So what makes this book more enjoyable than most of the rest of academic books? I would say that it is the attitude, tone and intent. Unlike most academic books, which can often be turgid, self-important exercises, which flaunt rigor as an end in itself, this collection of essays delivers to the reader the articulate, and often poignant, musings of a curious and engaged scholar who clearly wants to connect with the reader on a deep level. Don't get me wrong. This is not a collection that has made itself shallow by seeking to be popular. It is challenging throughout and and is deep, multi-faceted and will require a great deal of attention, study and reflection to achieve understanding. However, I found the rewards well worth the investment.
It is notable also that the author is not afraid to personalize some issues and also to inject an occasional bit of arcane humor into the narrative. These characteristics are also rare for academic works, but they are done well and to good effect in this work.
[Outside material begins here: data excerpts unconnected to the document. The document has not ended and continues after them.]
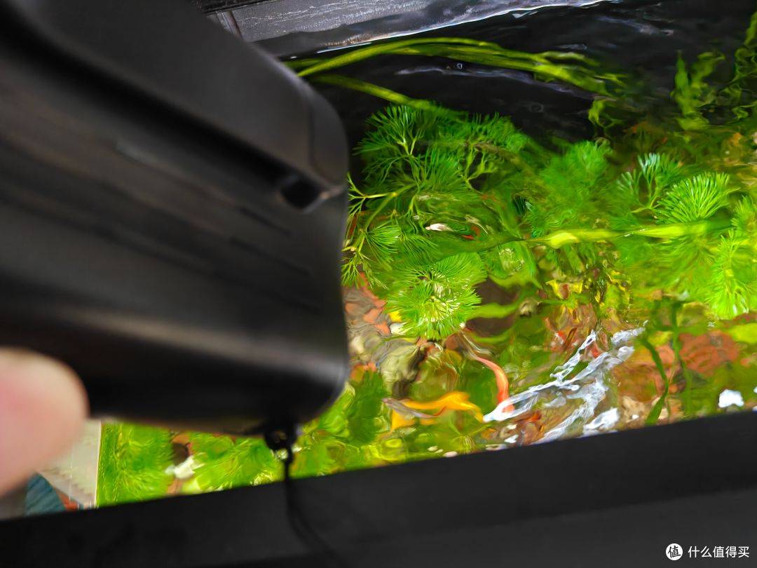 ▲我试着对着鱼缸里面的水吹了一下,可以看到水面立马波浪滚滚,风力相当猛。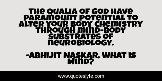 This page presents the quote "The Qualia of God have paramount potential to alter your body chemistry through mind-body substrates of neurobiology.". Author of this quote is Abhijit Naskar, What is Mind?. This quote is about confidence, religious-rituals, qualia, god, motivational, wisdom, religion, belief, optimistic,.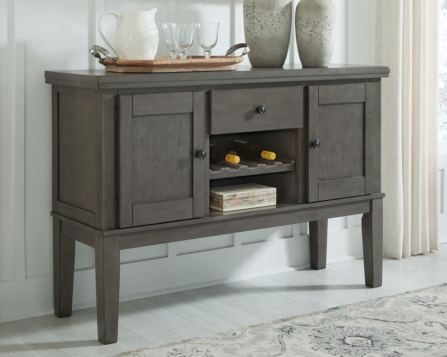 Cool and on-trend. This versatile server sports an antiqued gray color for a contemporary-yet-casual feel. The server features two cabinets, a smooth-gliding drawer and an open cubby with a wine rack, making it a breeze to clear away clutter and expand your serving space. Dining with friends and family has never been so stylish.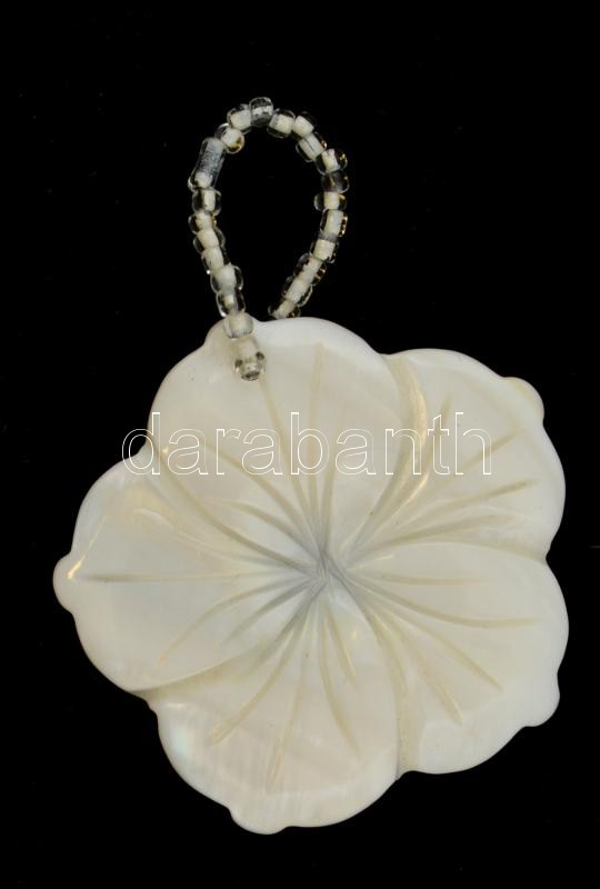 Beschreibung: Hibiszkusz formájú gyöngyházfényű medál, 4×4 cm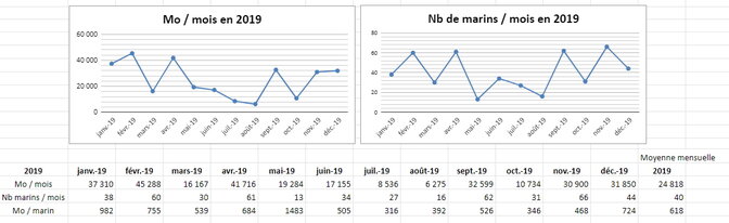 Tableau récapitulatif des activités d’accueil réalisées par les bénévoles pour les marins rencontrés au foyer et lors de visites sur les navires.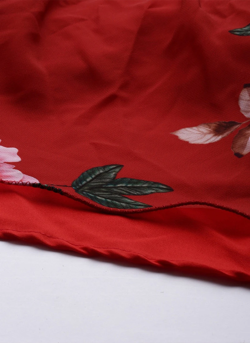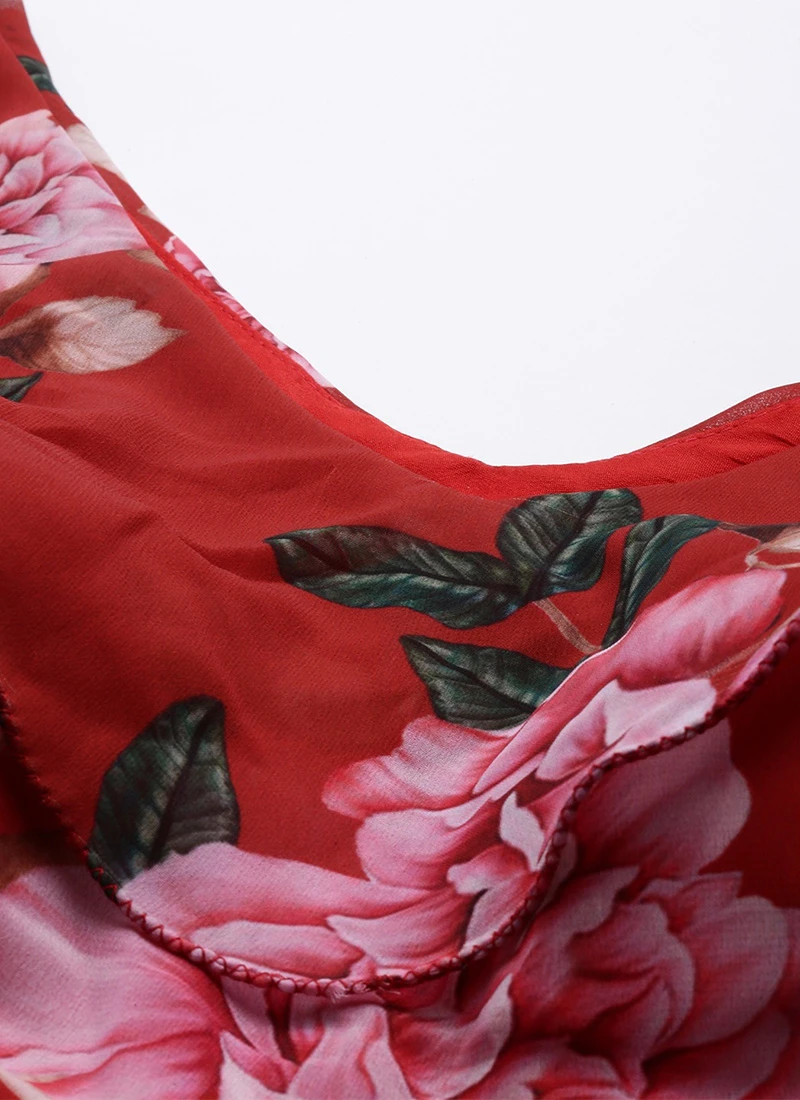 Teen Girls Rust Georgette Digital Printed Ruffle Neck Gown Party Wear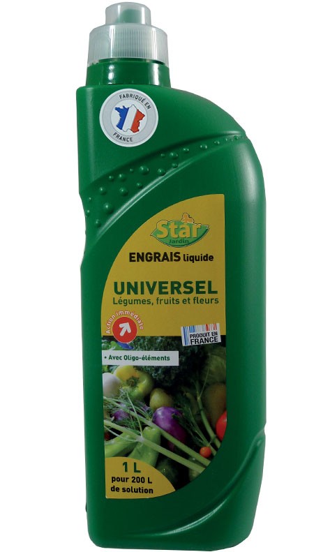 L’engrais liquide universel Star Jardin est une formule adaptée qui convient parfaitement à toutes les cultures du jardin. Il satisfait la nutrition de toutes les plantes dans les jardins et les potagers, mais aussi pour les plantes d’intérieur. Il apporte force et vitalité à vos végétaux en leur apportant les éléments nutritifs essentiels (N – P2O5 – K2O) enrichis en oligo-éléments. Son action est immédiate : Sa formulation spécifique libère tous les éléments fertilisants très rapidement. Les résultats sont visibles quelques jours seulement après l’application. Une formule spécifique : L’azote pour la croissance des végétaux et le développement du feuillage. Le phosphore pour un meilleur enracinement de vos plantes. Le potassium pour la floraison, la coloration ; et pour améliorer la résistance aux parasites, maladies et à la sécheresse. Oligo éléments. Ils agissent de manière particulière pour remplir les fonctions physiologiques de la plante. Leur rôle est essentiel pour permettre les réactions d’oxydo-réduction du système enzymatique des plantes (photosynthèse, fixation de l’azote, réduction des nitrates dans la plante…).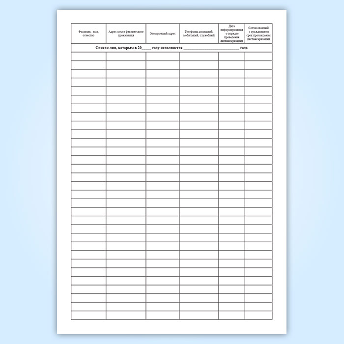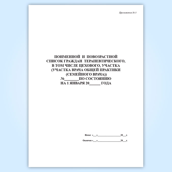 Поименный и повозрастной список граждан терапевтического, в том числе цехового, участка (участка врача общей практики (семейного врача)) в Сочи купить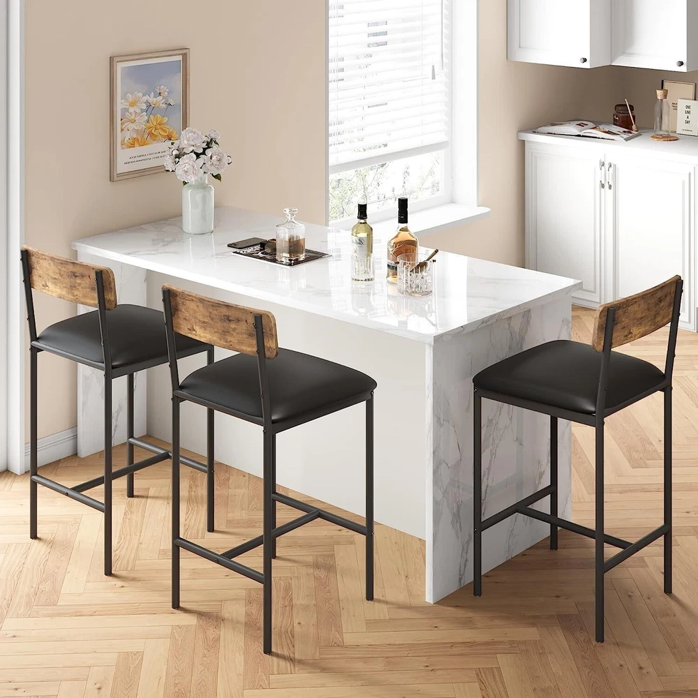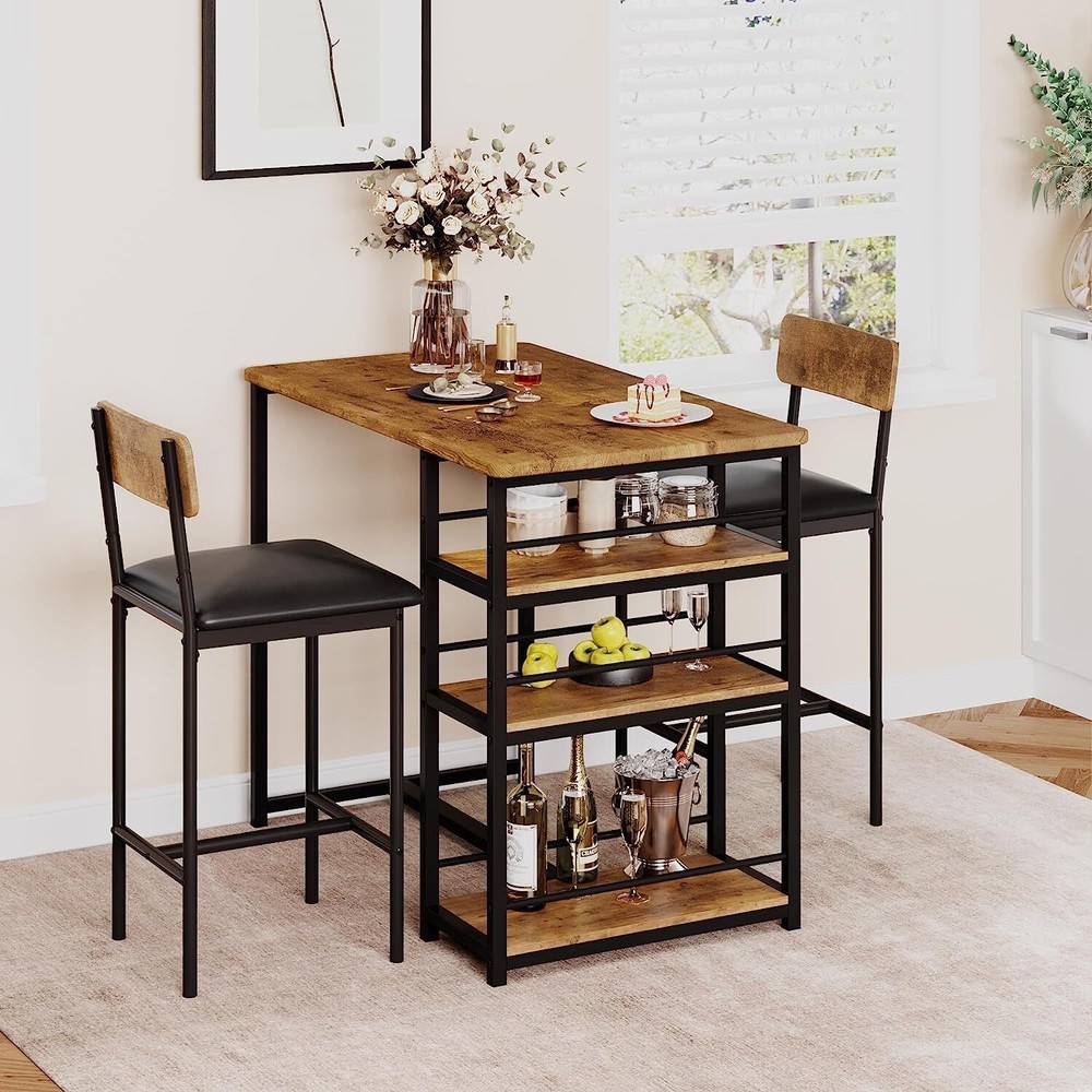 Dining Table Set Kitchen Table and Chairs for 2 or 4 Kitchen Table Dining Room🔥 Dining Table Set for 2, Bar Table and Chairs for 2, Pub Table Set with 2 Upholstered Chairs Dining Table with Upholstered Chairs: The dining table with thick table top makes it look more stable. The Upgraded Chair seats and backrest are padded with thick cushions, keeping you comfortable all dining time. More comfortable than traditional wooden chairs. Space Saving Design: Make the most of your space with this 3-piece table chairs set that slides the chairs seamlessly under the table to maximize your limited space. Cozy Upholstered Chairs with Sturdy Frame: The use of metal pipes with a larger diameter makes the dining chair more stable and comfortable than other products. The chair's back curves and offers you comfortable support. Dining Table Set for Living Room Retro industrial design fits well with any decor and adds a unique rustic element to your ktichen or living room. Dining Table For Kitchen Large Space Top The wide table top offers enough space for 2-4 people. Enjoy your dining time! Thickened Metal Frame with 3 Large Storage Shelves Made of Thickened Metal Frame and quality particle board, The structure is more stable. Upholstered Seat and Backrest The Upgraded Chair seats and backrest are padded with thick cushions, keeping you comfortable all dining time. More comfortable than traditional wooden chairs. Specification: Color Brown/Gray/Brown Material Metal/MDF Board/Artificial Leather Weight 55.1 LBS Max. Load Capacity Table 150 LBS / Chair 300 LBS Dimension Table 36” L x 19.6” W x 36” H CHAIR: 14.5” L x 16.5” W x 37.4” H Package Includes 1 x Dining Table, 2 x Chairs, 1 x Instruction, 1 x Accessory Bag Additional Parts Required No Assembly Required Yes Brand Unbranded Indoor/Outdoor Indoor Material Metal, Wood Max. Load Capacity Table 150 LBS / Chair 300 LBS Mounting Freestanding MPN Does not apply Number of Items in Set 2/3/4 Number of Shelves 3 Pattern Solid Room Dining Room, Home Office, Kitchen Seating Capacity 2 Set Includes Chairs, Dining Table Type Dining Table & Chairs Upholstery Fabric Artificial Leather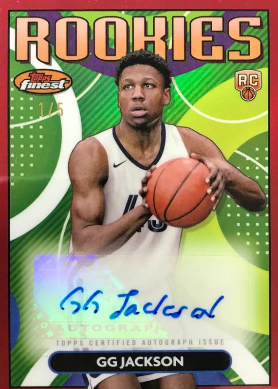 The GG Jackson II 2023 Topps Finest #RFA-GGJ Rookie Finest Autographs - Red Refractor /5 card in Raw condition has not changed in price in the last 30 days and was last sold for $56.00 .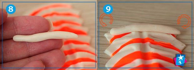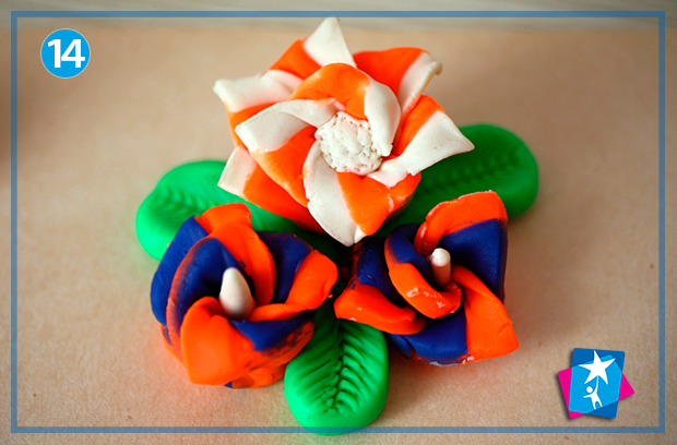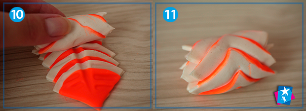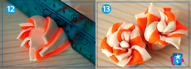 Покладіть серцевину зверху і починайте закручувати пластилін зверху вниз, як на фото 9, 10, 11. Отриману фігуру-рол розріжте лінійкою навпіл, і у вас одразу вийде пара квіточок, які треба красиво розкрити. Те ж саме можна зробити з меншою кількістю пелюсток і використати інакші кольори.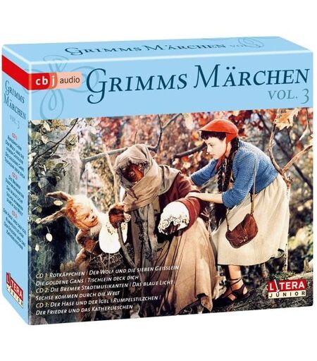 Die legendären Hörspielinszenierungen der LITERA-Reihe sind zurück! Die Märchensammlung der Gebrüder Grimm gehört zu den Standardwerken der deutschsprachigen Literatur und ist weltweit bekannt. LITERA, das ehemalige DDR-Schallplattenlabel, produzierte aufwendig und liebevoll zahlreiche Hörspiele berühmter Märchen-Klassiker, von Rotkäppchen bis Rumpelstilzchen. Mit einer hochkarätigen Sprecher- und Schauspielerbesetzung – u. a. Kurt Böwe, Klaus Piontek, Gunter Schoß, Dagmar Manzel, Angelica Domröse – und Musik. GRIMMS MÄRCHEN BOX 3: CD 1: Rotkäppchen, Der Wolf und die sieben Geißlein, Die goldene Gans, Tischlein deck dich CD 2: Die Bremer Stadtmusikanten, Das blaue Licht, Sechse kommen durch die Welt CD 3: Der Hase und der Igel, Rumpelstilzchen, Der Frieder und das Katherlieschen (3 CDs, Laufzeit: 3h 28) ...
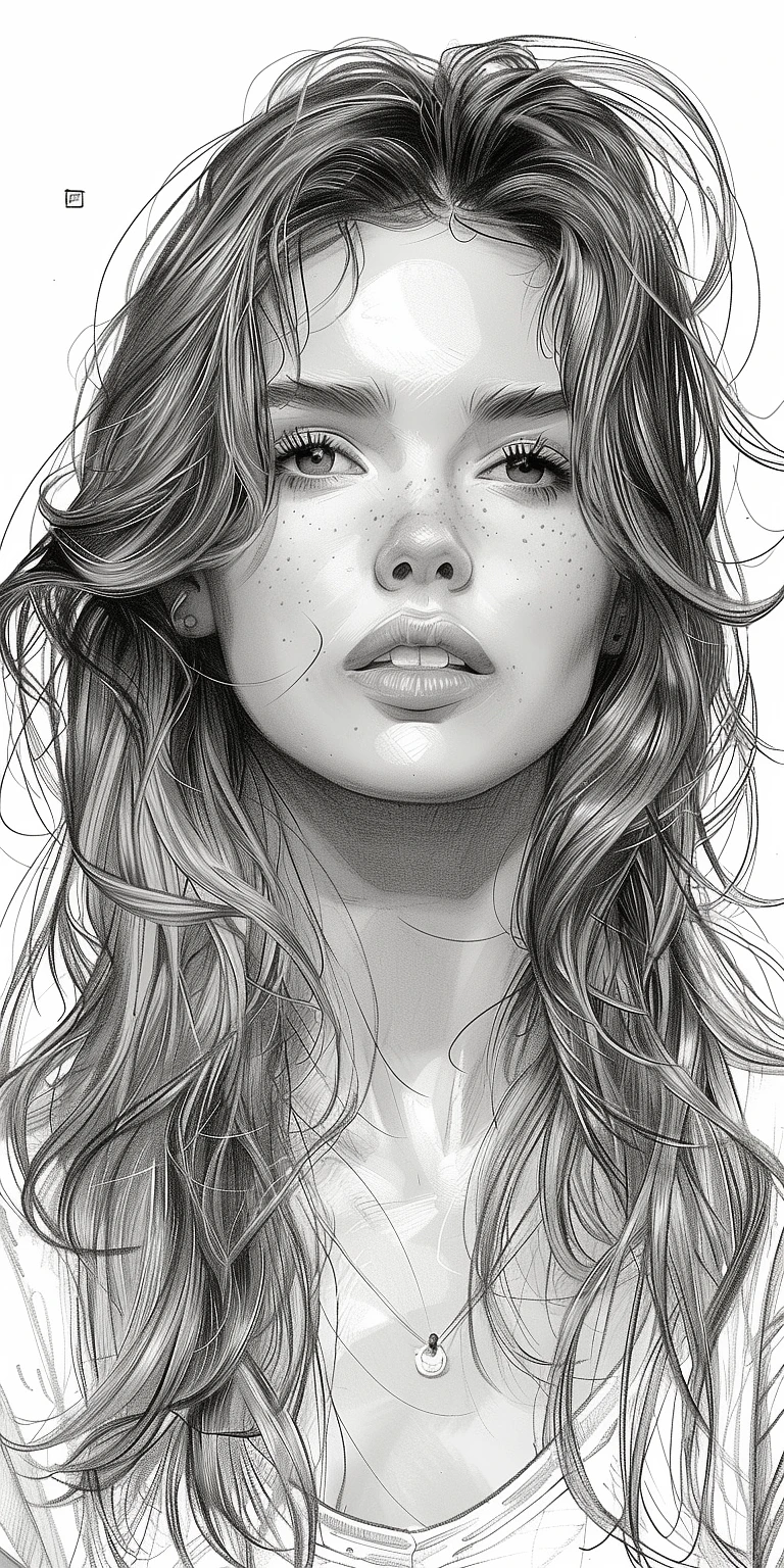 Black-and-white ink drawing of a beautiful young woman in her mid-20s with long hair, sketch focuses on the contrast between light and dark areas to create depth and texture, cross-hatching techniques for shading effects, in front view, high resolution, 30k quality, in the style of realistic black-and-white ink drawings with an emphasis on tonal contrasts created through cross-hatching --ar 1:2 --stylize 750

Lastly, I would add my perspective as a scientist. The author is a humanist, but clearly has made the understanding and incorporating of a scientific perspective a priority in her work. More to the point, by bringing the perspective and sensibilities of a humanist to the scientific underpinnings of the topics she presents, she opened new and helpful dimensions for me, and for that I am grateful. We scientists tend to hew closely to the technical details of science and reading the perspective of a humanist helped to reacquaint me with the state of wonder that attracts curious individuals to explore the intersection between life and science.